State v. Armstrong

COBB, Judge,

concurring specially.

The information charging Armstrong with both DUI manslaughter and vehicular homicide alleged that the single homicide occurred on September 27, 1986. Since the crime occurred prior to July 1, 1988, the effective date of the 1988 amendment of section 775.021(4)1 that amendment does not apply to this case. Therefore, we must apply the mode of analysis set out in Carawan v. State, 515 So.2d 161 (Fla.1987). See State v. Smith, 547 So.2d 613 (Fla.1989).

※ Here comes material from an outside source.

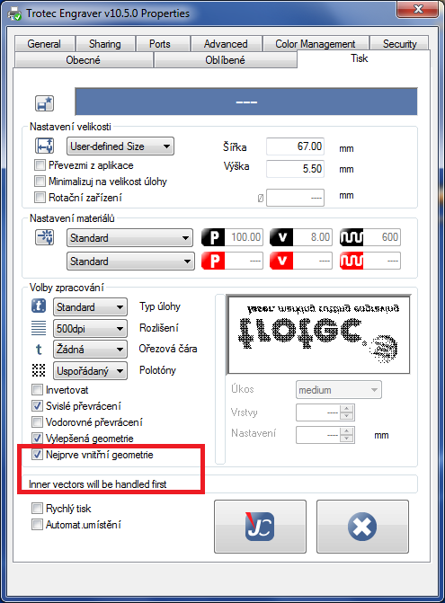 – Přiřaďte řezacím čarám různé barvy dle barev v databázi materiálů Trotec. Řezací čáry jsou poté řezány podle pořadí barev v databázi materiálů. Bravy jsou v RGB kódu a tloušťka čar musí být zachovány 0,001 mm.
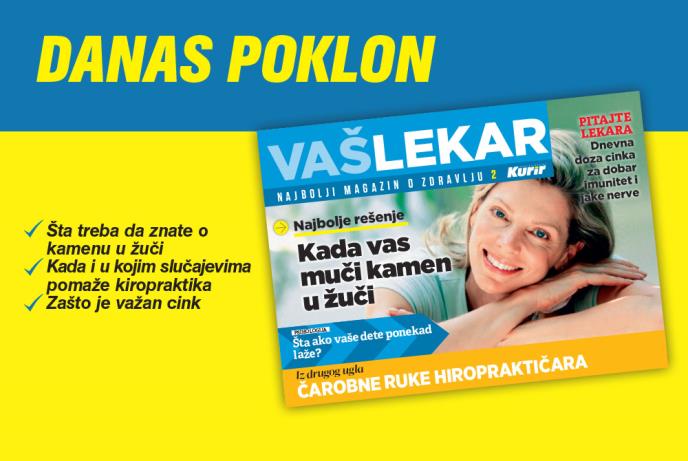 Za vas smo razgovarali sa dr Borislavom Toškovićem, asistentom na katedri hirurgije Medicinskog fakulteta i hirurgom u KBC „Bežanijska kosa“ o nastanku kamena u žučnoj kesi i najboljem načinu za rešavanje ove tegobe. Aleksandar Popović, manuelni terapeut, odgovara na pitanja zašto imamo problema sa kičmom i bolovima u zglobovima i zašto je hiropraktika dobra za sve te tegobe, dok docent dr Janko Samardžić, specijalista kliničke farmakologije, otkriva kako se sve ispoljava nedostatak cinka u organizmu,

Pursuant to a Carawan analysis, DUI manslaughter and vehicular homicide convictions cannot both be sustained by one homicide. See Houser v. State, 474 So.2d 1193 (Fla.1985). Under a Blockburger2 analysis, as required by section 775.-021(4), Florida Statutes (Supp.1988), the DUI manslaughter and vehicular homicide are separate criminal offenses, each requiring proof of an element that the other does not. See Higdon v. State, 490 So.2d 1252 (Fla.1986). The former requires intoxication, the latter reckless operation of a motor vehicle. This differentiation between the two offenses has survived the 1986 amendment to the manslaughter by intoxication statute, which added the factor of causation. See Ch. 86-296, Laws of Florida and Magaw v. State, 537 So.2d 564 (Fla.1989).

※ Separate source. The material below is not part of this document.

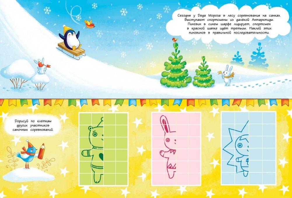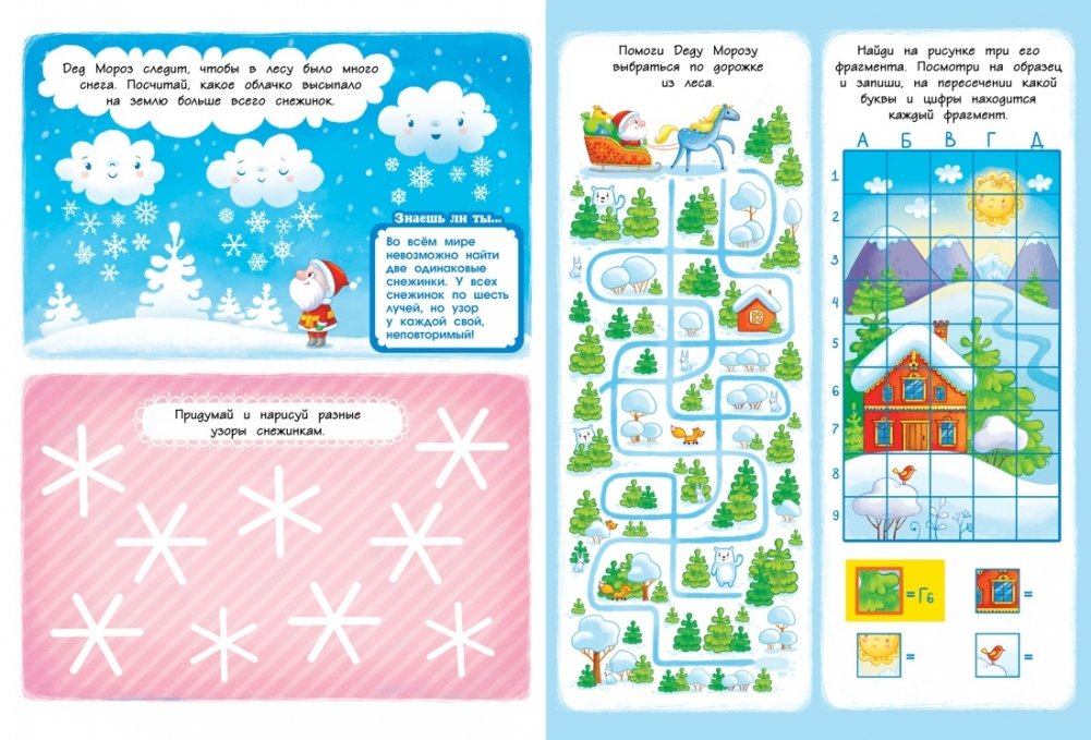 У Дедушки Мороза перед Новым годом масса дел: надо проследить за тем, чтобы в лесу было достаточно снега, и игрушки для ёлки смастерить, и подарки упаковать, а ещё обязательно написать стих для конкурса! В этой книжке тебя ждут лабиринты, игры с наклейками и рисовалки, загадки и кроссворды. Испеки вместе с белочками пряники, смастери игрушки для ёлки с Дедушкой Морозом и вырежи яркие маски для новогоднего праздника. Запасайся цветными карандашами и праздничным настроением — и вперёд, в зимнюю сказку!
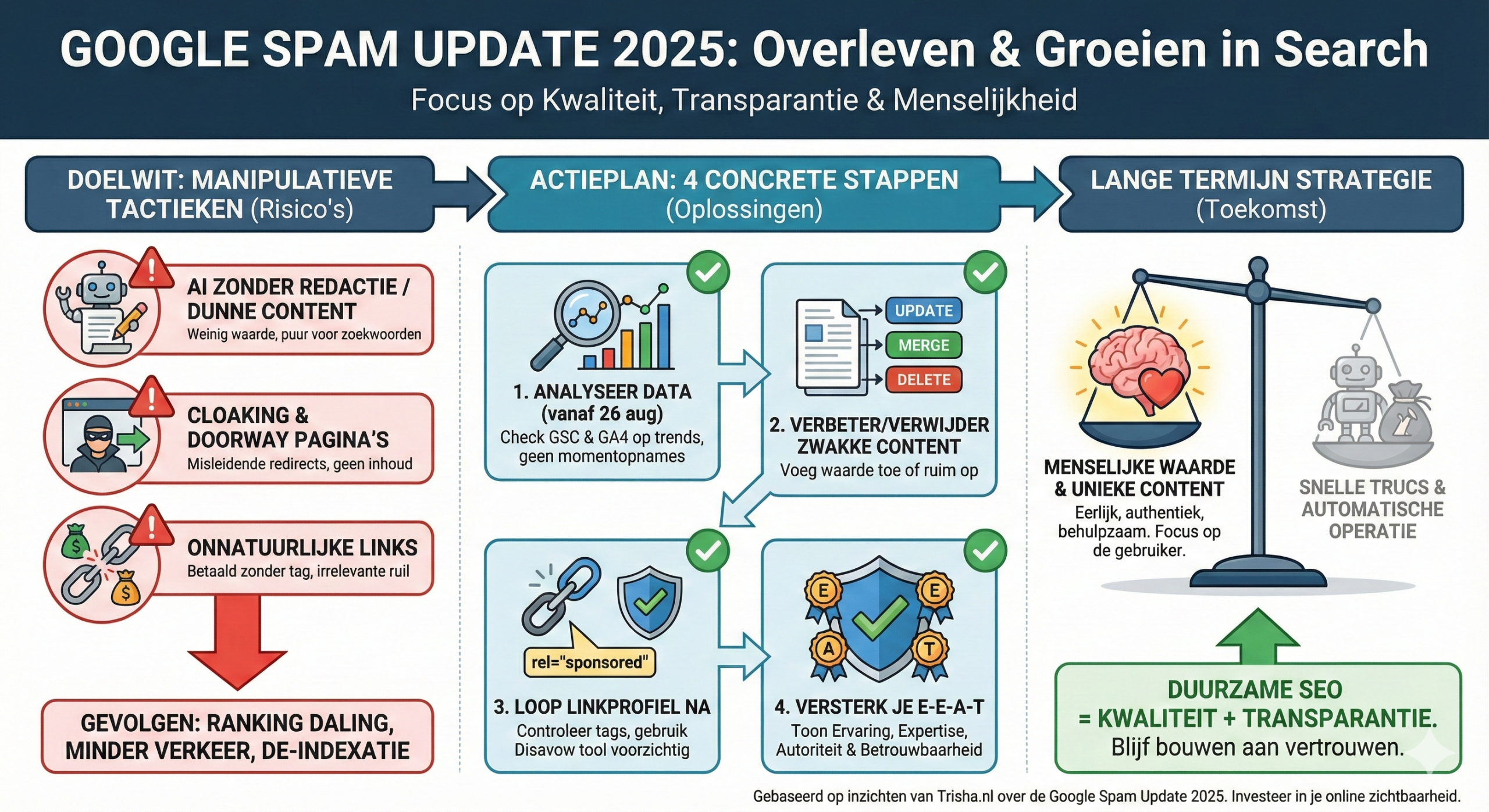 De Google Spam Update van augustus 2025 is gericht op het aanpakken van manipulatieve SEO-technieken. Je hoeft geen paniek te hebben, maar dit is wél een goed moment om:

Had the instant offense occurred subsequent to July 1, 1988, the analysis could no longer focus on double jeopardy; however, it would seem that a defendant convicted of two homicides for one unintended traffic death could present a formidable equal protection argument. Since the instant death preceded July 1, 1988, I concur with the majority opinion.

. See Ch. 88-131, § 7, Laws of Florida.

. See Blockburger v. United States, 284 U.S. 299, 52 S.Ct. 180, 76 L.Ed. 306 (1932).